Honeycomb: an in-browser tool for powerful spatial analysis.
Intuitive and approachable
Honeycomb is completely browser-based. This means that there is nothing to install and it can run on any modern web browser. The interface is completely point-and-click, with analysis happening in real-time. Behind the scenes, there is powerful geospatial analysis happening (areal interpolation, metric aggregations over regions, buffering), but this is abstracted behind a simple UI.

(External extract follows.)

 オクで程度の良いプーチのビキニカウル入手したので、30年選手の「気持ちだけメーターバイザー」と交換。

Interactive, question-driven analysis
Honeycomb uses the H3 Hexagonal Index System to harmonize data from many sources (flat files, US Census, Eurostat to come). Once data is brought into the tool, it is converted (right now using areal weighted interpolation) to values at different H3 indexes. This means that disparate data sources (internal company data, public US Census/ Eurostat demographic data, and 3rd party datasets) can be directly joined and used side-by-side.

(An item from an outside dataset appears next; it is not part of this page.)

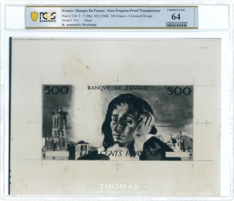 Epreuve du recto définitif sans n° ni signatures sur papier spécial blanc glacé.

Taking this one step further, Honeycomb supports ‘derived layers’, which are new data layers which are based on the values of other layers. For example, a dynamic layer named ‘Coffee Shops Per Capita’ could be easily built by dividing the number of coffee shops in each H3 hexagon (from OpenStreetMap) with the total population in the same H3 hexagon (from US Census data).
Data doesn’t leave your machine
Honeycomb uses a modern OLAP (online analytical processing) database called DuckDB running in the browser to deliver fast results without using expensive cloud resources. OLAP databases are designed to quickly compute the results to queries which require aggregations on many rows of data, compared to OLTP (online transactional processing) databases, which are designed to handle many atomic transactions (inserting new rows, querying single rows). Because H3 indexes can be represented as integers, databases can perform aggregations on this data extremely efficiently.
Processing data on the client-side also has significant security benefits. Because data is not sent over the internet, an entire class of security threats (misconfigured authentication, broken encryption) is not relevant. This is especially important because location data can often be considered personally identifiable.